What is being asked: In the entries that follow, the lines from the line containing "青島中澤信科技有限公司地處中" up to and including the line containing "यह मामला रायपुर" must be copied exactly, with pictures omitted.

Data under study:

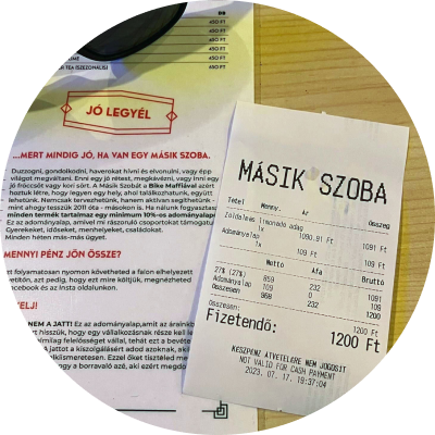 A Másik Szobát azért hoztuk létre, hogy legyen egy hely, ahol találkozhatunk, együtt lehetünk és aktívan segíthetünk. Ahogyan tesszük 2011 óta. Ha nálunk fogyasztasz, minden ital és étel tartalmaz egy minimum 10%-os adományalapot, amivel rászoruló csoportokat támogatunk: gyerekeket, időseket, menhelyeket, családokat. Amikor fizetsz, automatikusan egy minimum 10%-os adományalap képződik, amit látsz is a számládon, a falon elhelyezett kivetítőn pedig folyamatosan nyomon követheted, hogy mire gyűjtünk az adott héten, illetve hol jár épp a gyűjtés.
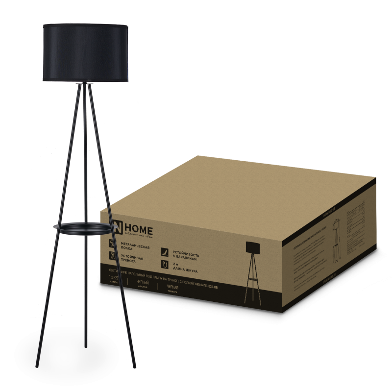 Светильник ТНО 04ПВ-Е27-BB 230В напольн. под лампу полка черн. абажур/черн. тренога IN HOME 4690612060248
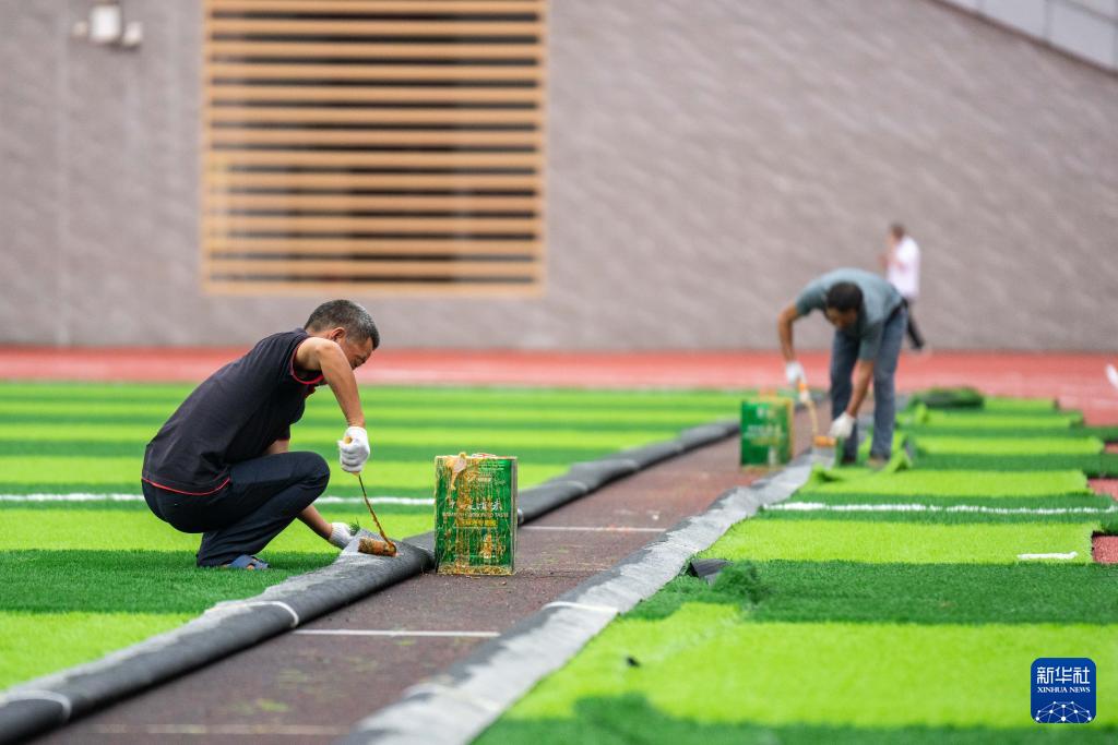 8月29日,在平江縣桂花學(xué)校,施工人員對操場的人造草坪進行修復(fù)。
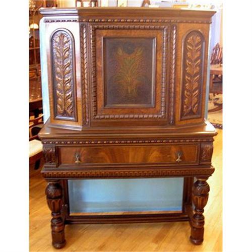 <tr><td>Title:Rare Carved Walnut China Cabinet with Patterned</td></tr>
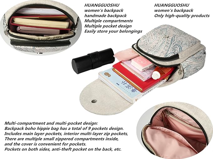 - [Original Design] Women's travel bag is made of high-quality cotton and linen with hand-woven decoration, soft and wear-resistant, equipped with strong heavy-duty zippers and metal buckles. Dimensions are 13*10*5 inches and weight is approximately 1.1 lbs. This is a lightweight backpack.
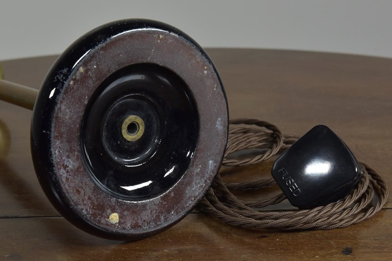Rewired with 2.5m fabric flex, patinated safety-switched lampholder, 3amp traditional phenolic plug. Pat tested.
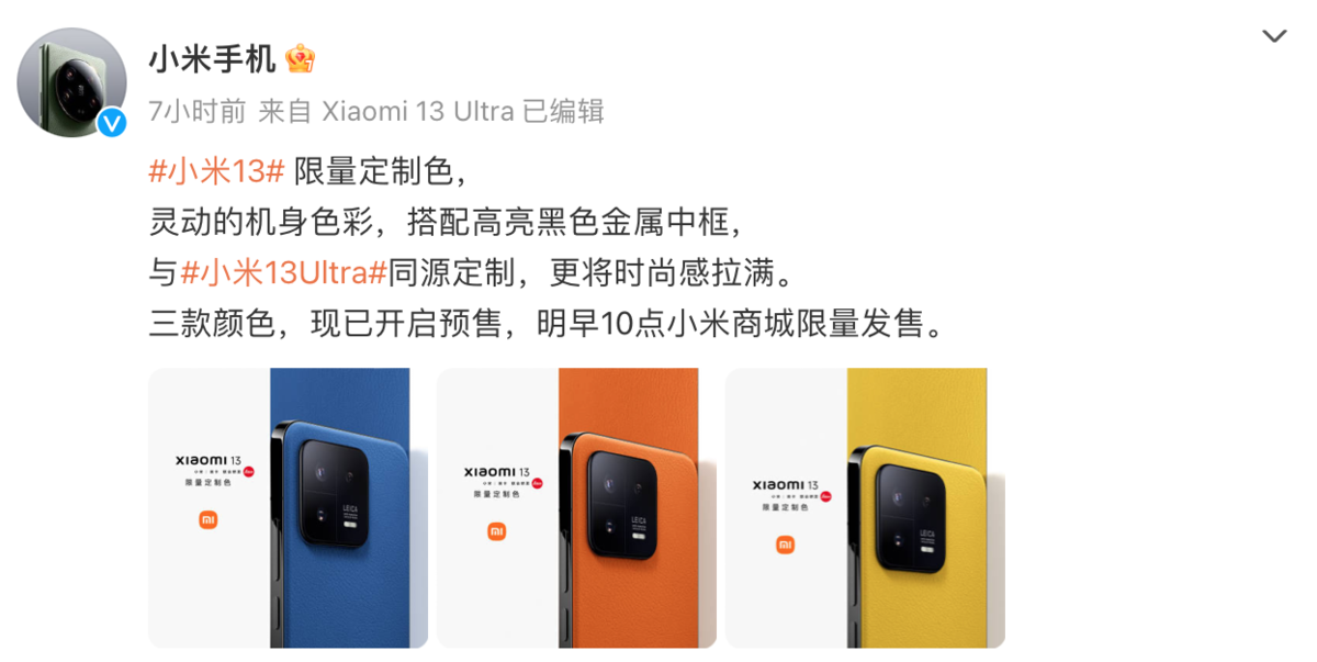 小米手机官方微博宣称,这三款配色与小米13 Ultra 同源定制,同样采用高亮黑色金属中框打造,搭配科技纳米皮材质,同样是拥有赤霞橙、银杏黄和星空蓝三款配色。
* * *
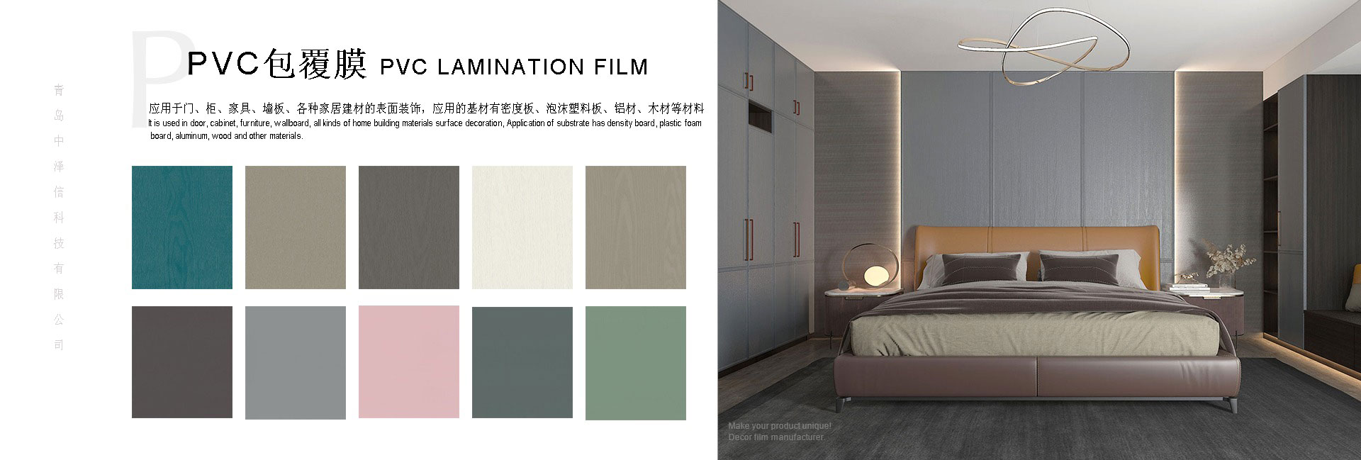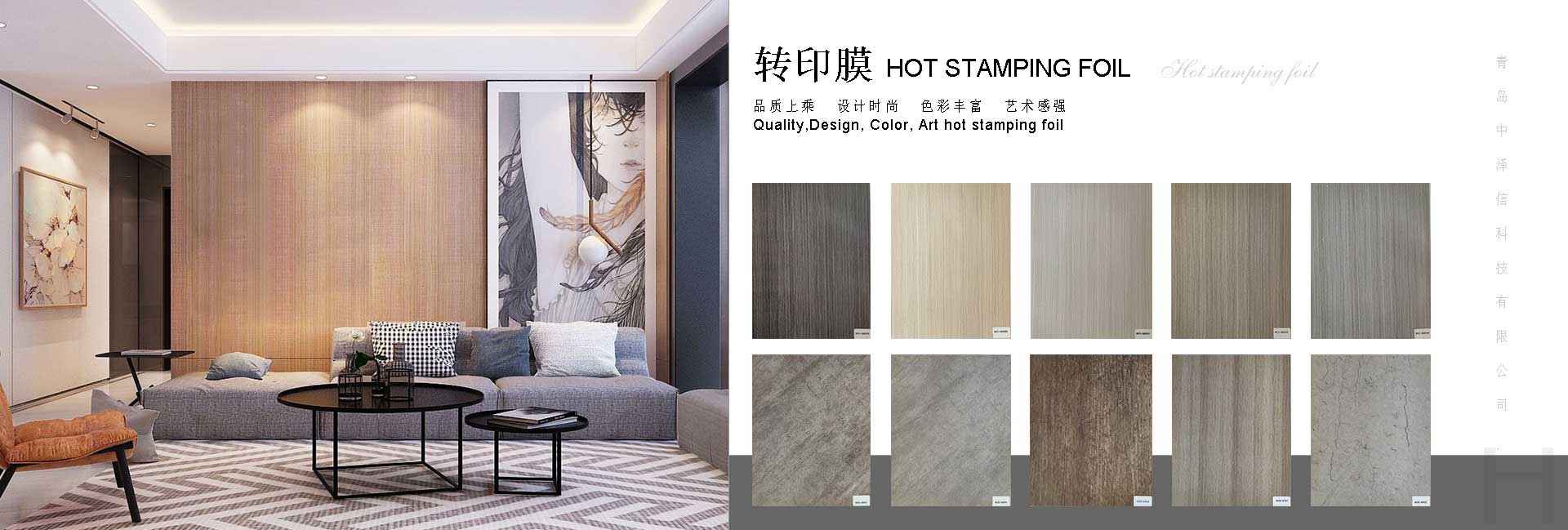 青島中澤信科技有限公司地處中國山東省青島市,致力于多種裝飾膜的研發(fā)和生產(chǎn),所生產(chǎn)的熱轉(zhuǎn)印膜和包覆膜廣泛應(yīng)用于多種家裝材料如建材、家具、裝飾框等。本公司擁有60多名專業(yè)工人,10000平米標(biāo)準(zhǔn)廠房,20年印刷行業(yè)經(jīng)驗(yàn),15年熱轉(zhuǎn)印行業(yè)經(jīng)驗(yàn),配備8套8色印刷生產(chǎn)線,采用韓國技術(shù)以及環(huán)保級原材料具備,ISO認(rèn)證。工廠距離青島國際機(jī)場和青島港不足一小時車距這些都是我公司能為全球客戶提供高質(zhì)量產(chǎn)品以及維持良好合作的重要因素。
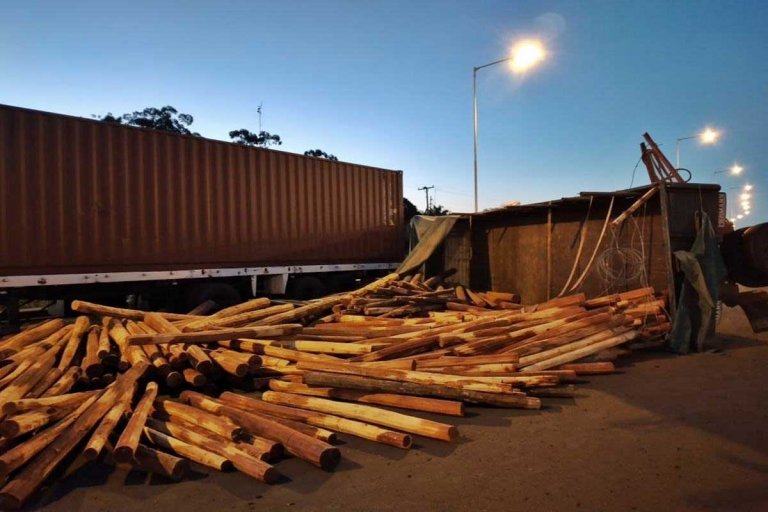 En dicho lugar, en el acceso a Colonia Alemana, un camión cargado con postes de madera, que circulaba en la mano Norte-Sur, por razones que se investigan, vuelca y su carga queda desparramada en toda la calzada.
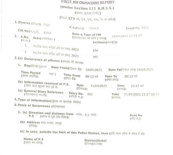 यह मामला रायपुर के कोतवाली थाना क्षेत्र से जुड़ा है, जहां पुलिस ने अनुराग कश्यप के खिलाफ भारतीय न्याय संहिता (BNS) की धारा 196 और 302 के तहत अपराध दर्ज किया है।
...
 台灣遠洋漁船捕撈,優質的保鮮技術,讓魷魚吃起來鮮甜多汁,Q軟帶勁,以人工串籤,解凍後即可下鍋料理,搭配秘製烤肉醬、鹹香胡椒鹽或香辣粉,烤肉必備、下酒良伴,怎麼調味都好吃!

Completed exercise:
 青島中澤信科技有限公司地處中國山東省青島市,致力于多種裝飾膜的研發(fā)和生產(chǎn),所生產(chǎn)的熱轉(zhuǎn)印膜和包覆膜廣泛應(yīng)用于多種家裝材料如建材、家具、裝飾框等。本公司擁有60多名專業(yè)工人,10000平米標(biāo)準(zhǔn)廠房,20年印刷行業(yè)經(jīng)驗(yàn),15年熱轉(zhuǎn)印行業(yè)經(jīng)驗(yàn),配備8套8色印刷生產(chǎn)線,采用韓國技術(shù)以及環(huán)保級原材料具備,ISO認(rèn)證。工廠距離青島國際機(jī)場和青島港不足一小時車距這些都是我公司能為全球客戶提供高質(zhì)量產(chǎn)品以及維持良好合作的重要因素。
 En dicho lugar, en el acceso a Colonia Alemana, un camión cargado con postes de madera, que circulaba en la mano Norte-Sur, por razones que se investigan, vuelca y su carga queda desparramada en toda la calzada.
 यह मामला रायपुर के कोतवाली थाना क्षेत्र से जुड़ा है, जहां पुलिस ने अनुराग कश्यप के खिलाफ भारतीय न्याय संहिता (BNS) की धारा 196 और 302 के तहत अपराध दर्ज किया है।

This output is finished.